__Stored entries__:
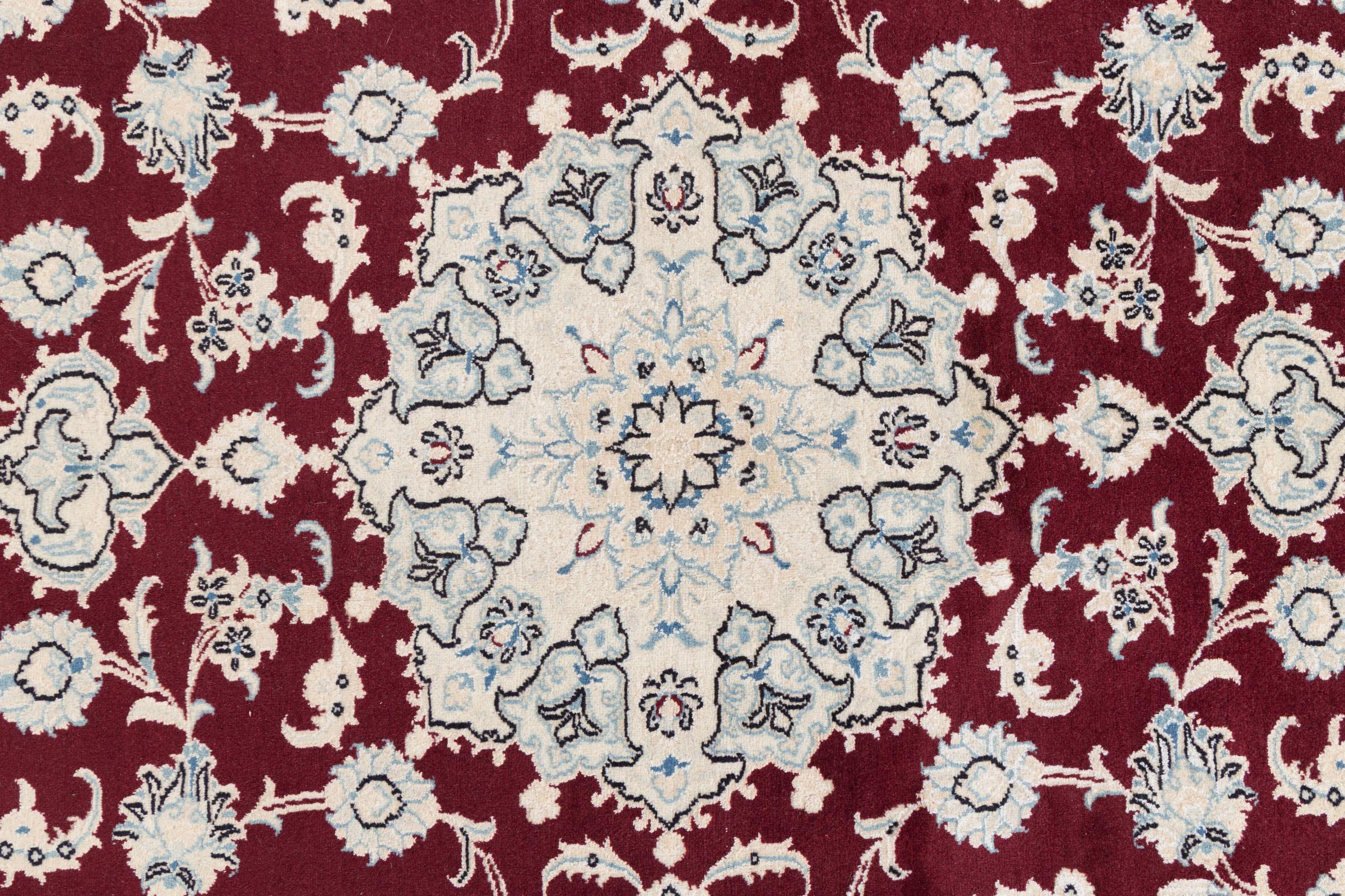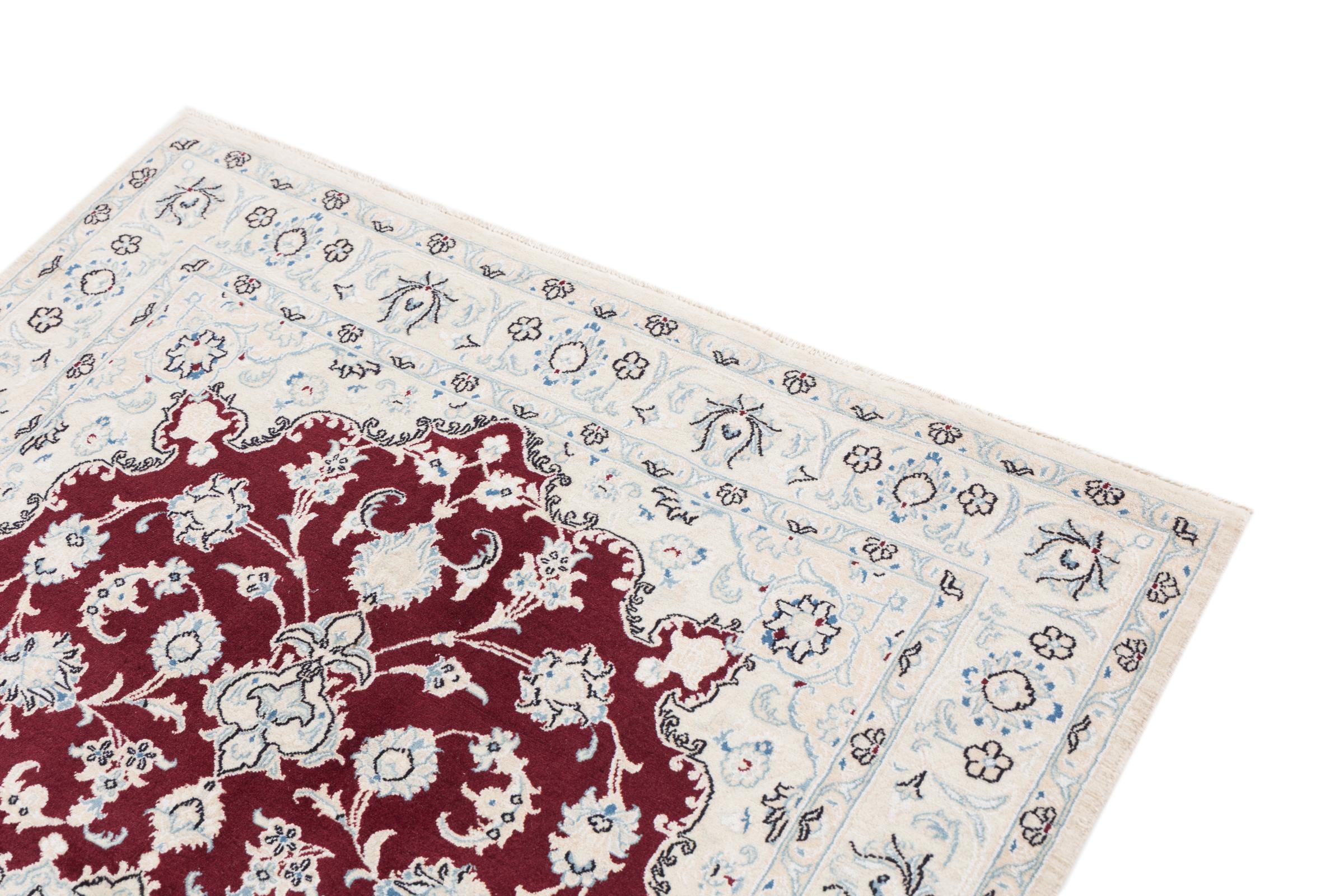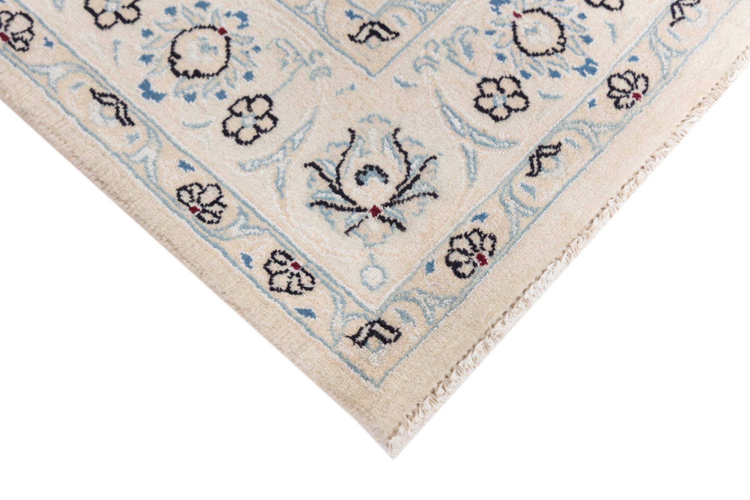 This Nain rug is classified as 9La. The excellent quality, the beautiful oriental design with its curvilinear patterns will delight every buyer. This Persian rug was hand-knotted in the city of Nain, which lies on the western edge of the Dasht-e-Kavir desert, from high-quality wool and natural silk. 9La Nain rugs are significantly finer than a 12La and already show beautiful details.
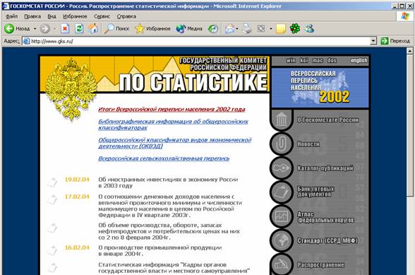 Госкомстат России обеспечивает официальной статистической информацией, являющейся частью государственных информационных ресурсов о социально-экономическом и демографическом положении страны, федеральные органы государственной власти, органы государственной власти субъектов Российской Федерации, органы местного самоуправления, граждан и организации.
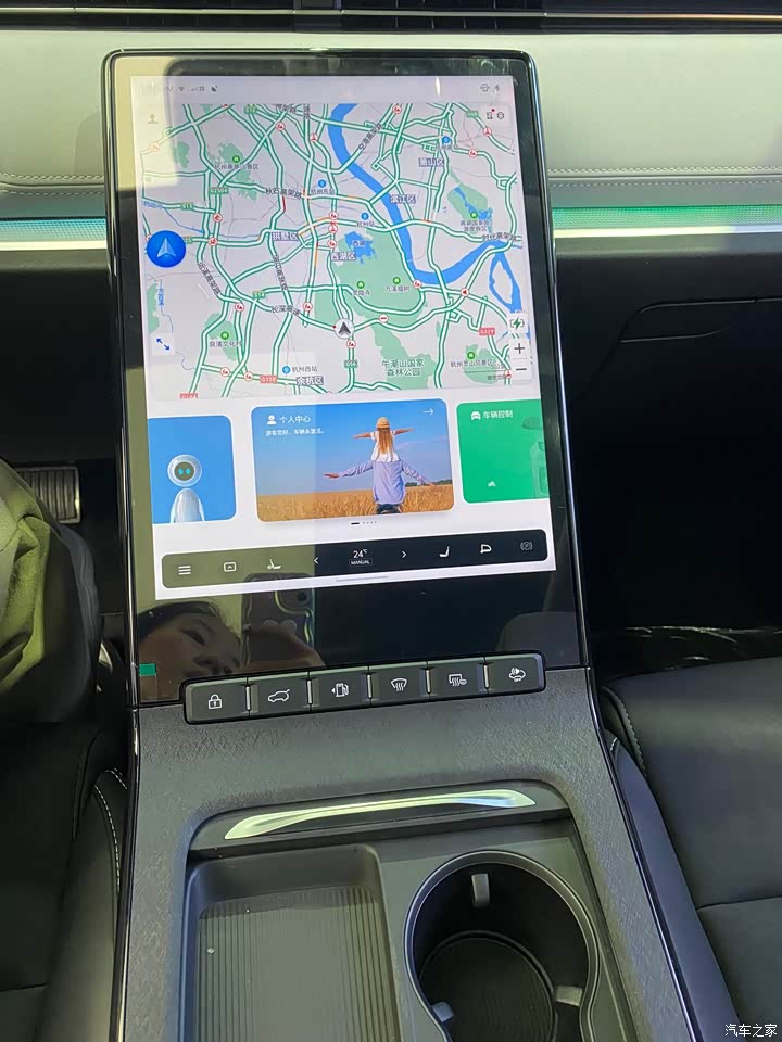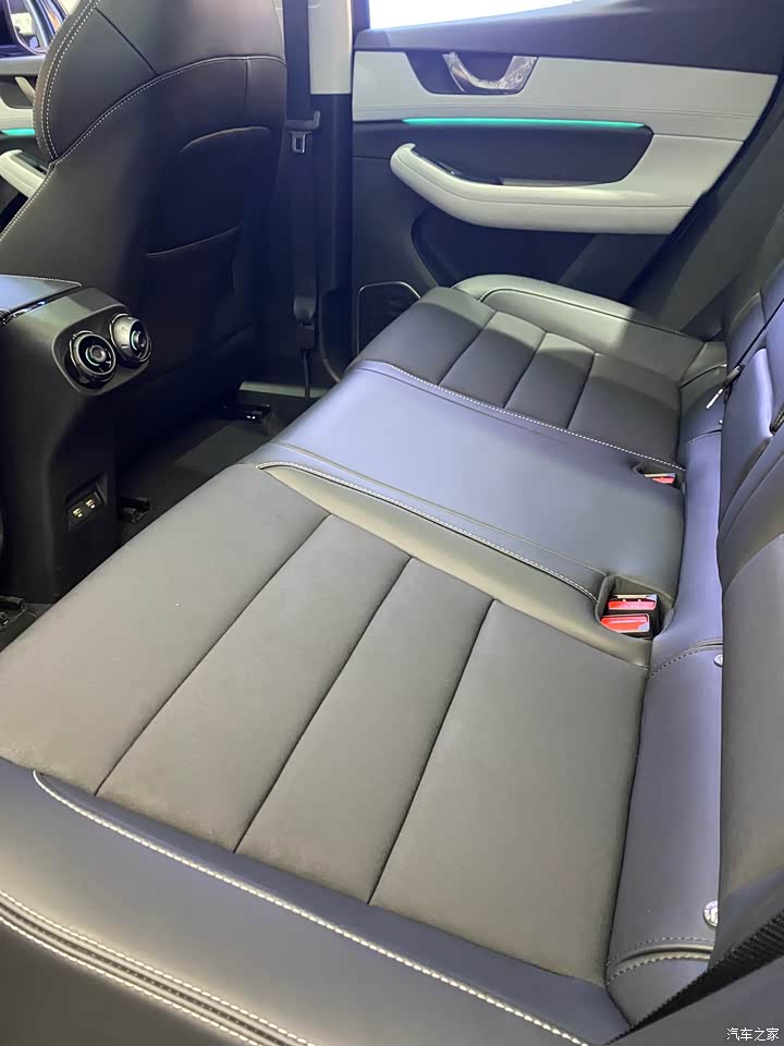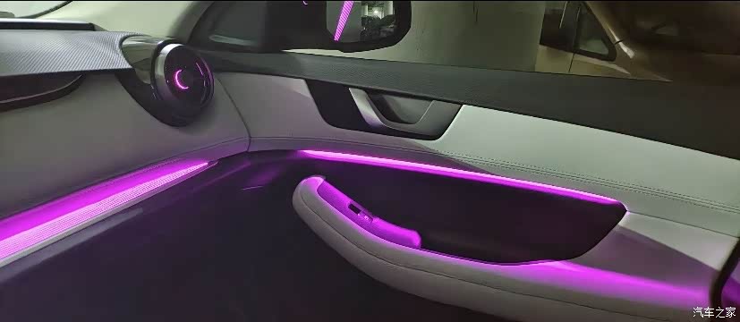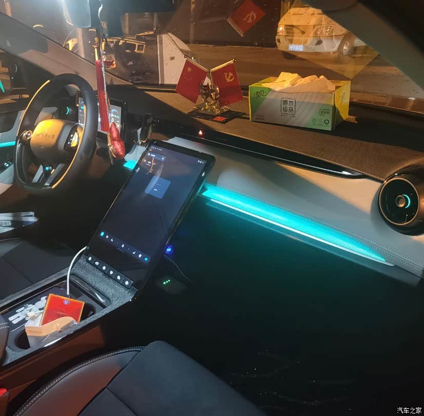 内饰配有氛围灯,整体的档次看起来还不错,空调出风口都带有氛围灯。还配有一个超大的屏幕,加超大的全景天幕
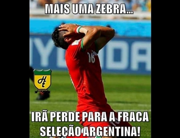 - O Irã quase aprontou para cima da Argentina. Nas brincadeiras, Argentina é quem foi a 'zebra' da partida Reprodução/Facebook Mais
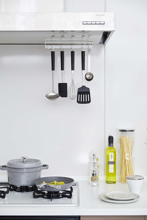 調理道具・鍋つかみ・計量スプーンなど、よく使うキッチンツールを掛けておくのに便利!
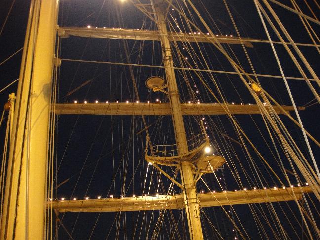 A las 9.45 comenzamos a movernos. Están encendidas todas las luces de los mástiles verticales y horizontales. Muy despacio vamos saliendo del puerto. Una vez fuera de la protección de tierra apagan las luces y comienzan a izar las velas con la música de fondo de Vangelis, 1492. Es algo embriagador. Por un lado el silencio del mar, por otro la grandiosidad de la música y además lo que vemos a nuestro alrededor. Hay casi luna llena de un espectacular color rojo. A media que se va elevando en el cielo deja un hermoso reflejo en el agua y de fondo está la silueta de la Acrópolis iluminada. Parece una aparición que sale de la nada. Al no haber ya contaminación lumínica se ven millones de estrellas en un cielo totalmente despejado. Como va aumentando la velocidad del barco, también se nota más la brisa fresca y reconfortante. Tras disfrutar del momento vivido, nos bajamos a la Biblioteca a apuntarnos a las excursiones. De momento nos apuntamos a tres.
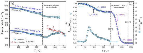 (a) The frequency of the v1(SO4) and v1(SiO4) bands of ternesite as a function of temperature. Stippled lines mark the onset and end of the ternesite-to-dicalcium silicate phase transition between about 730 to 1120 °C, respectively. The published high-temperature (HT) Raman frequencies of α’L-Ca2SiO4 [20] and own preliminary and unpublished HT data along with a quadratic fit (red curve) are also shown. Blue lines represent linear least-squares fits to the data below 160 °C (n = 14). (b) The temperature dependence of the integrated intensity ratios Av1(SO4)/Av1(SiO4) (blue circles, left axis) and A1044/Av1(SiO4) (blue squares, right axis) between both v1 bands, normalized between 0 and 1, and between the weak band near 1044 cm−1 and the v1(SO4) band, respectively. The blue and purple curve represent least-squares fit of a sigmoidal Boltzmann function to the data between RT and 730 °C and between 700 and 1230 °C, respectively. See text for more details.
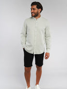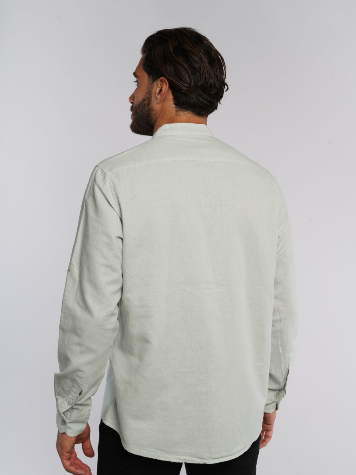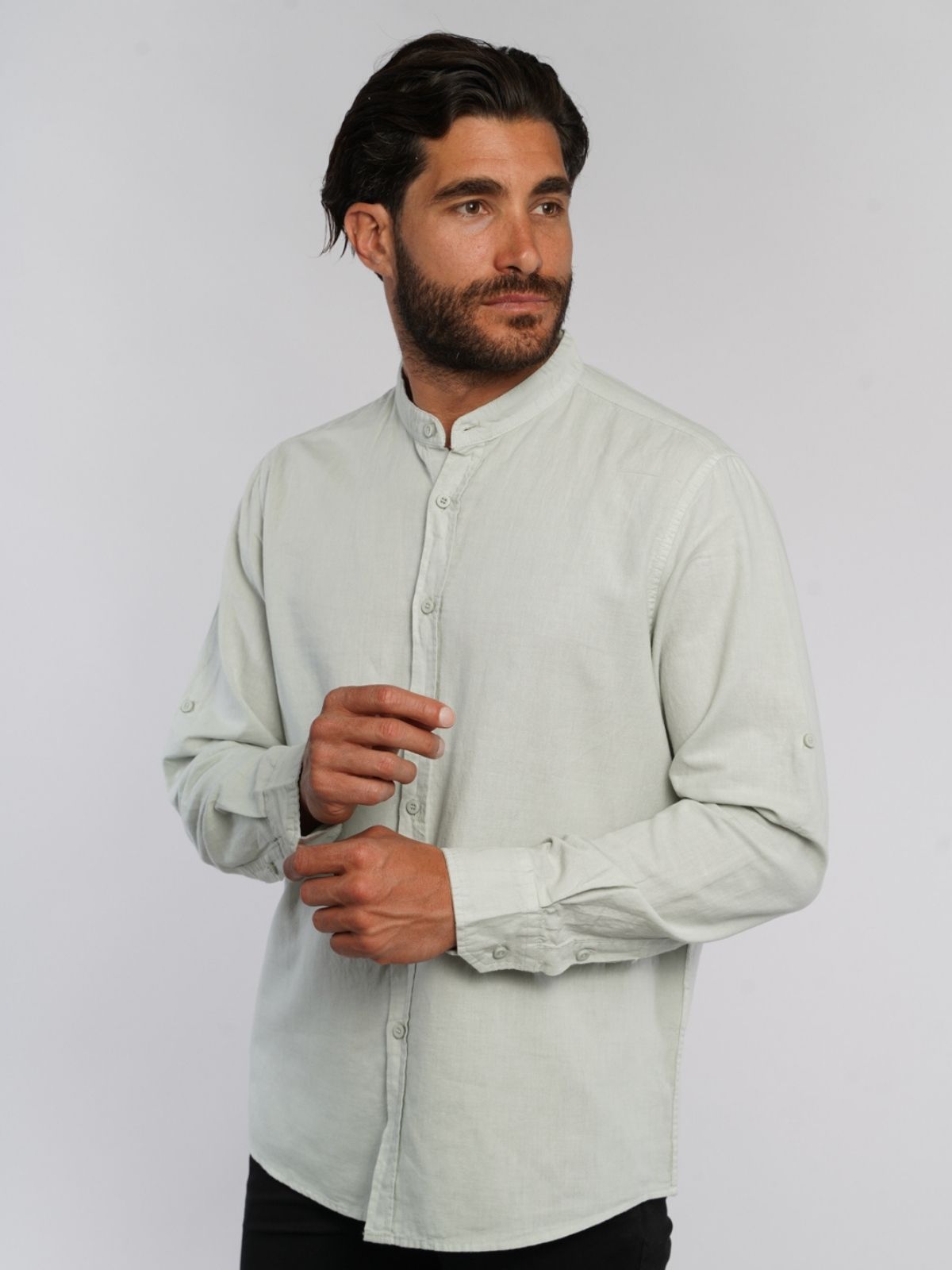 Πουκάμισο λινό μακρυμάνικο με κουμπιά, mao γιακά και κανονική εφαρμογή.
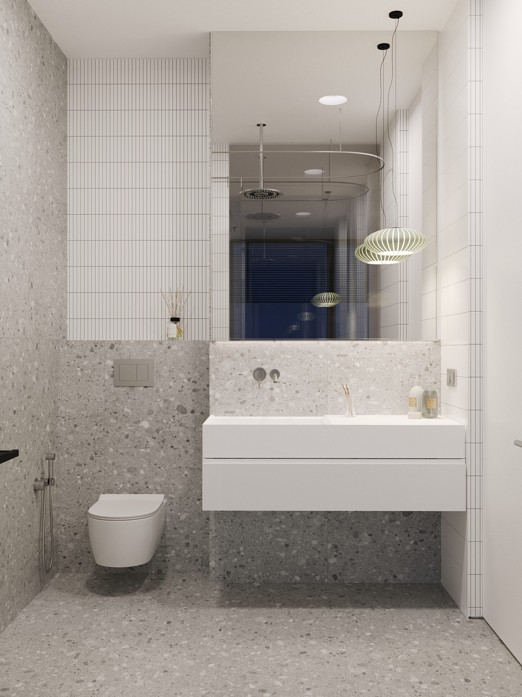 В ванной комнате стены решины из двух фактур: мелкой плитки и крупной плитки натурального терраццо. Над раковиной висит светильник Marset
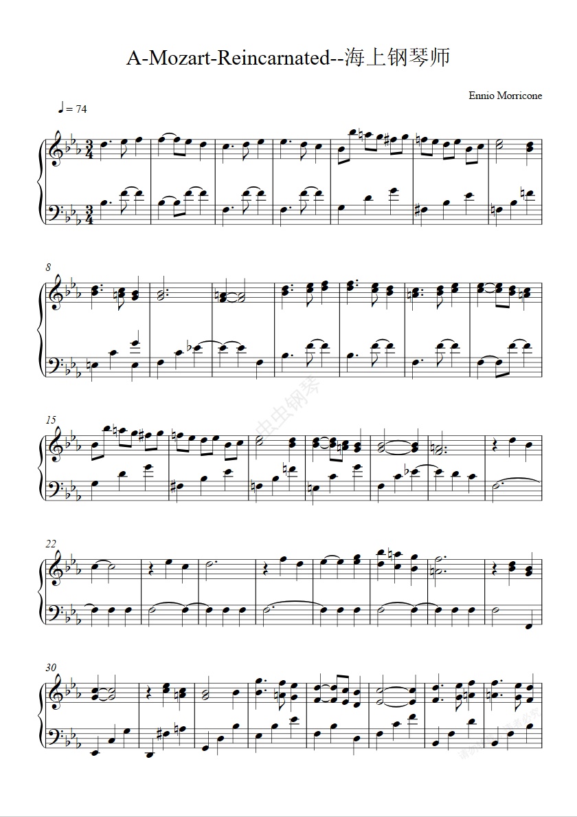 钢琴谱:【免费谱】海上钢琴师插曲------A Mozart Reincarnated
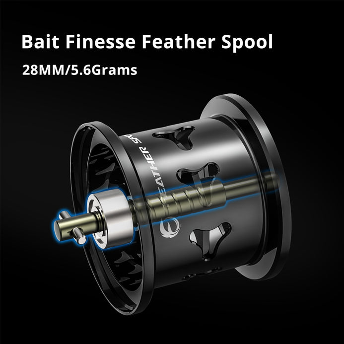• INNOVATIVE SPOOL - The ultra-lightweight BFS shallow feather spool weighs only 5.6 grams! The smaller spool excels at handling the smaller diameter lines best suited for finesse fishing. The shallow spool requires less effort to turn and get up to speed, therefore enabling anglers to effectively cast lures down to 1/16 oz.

__Task__: Treat the line with "内饰配有氛围灯,整体的档次看" as the start and the line with "調理道具・鍋つかみ・計量スプ" as the end, and return exactly that span of the data above, both ends included, without pictures.

__Result below__:
 内饰配有氛围灯,整体的档次看起来还不错,空调出风口都带有氛围灯。还配有一个超大的屏幕,加超大的全景天幕
 - O Irã quase aprontou para cima da Argentina. Nas brincadeiras, Argentina é quem foi a 'zebra' da partida Reprodução/Facebook Mais
 調理道具・鍋つかみ・計量スプーンなど、よく使うキッチンツールを掛けておくのに便利!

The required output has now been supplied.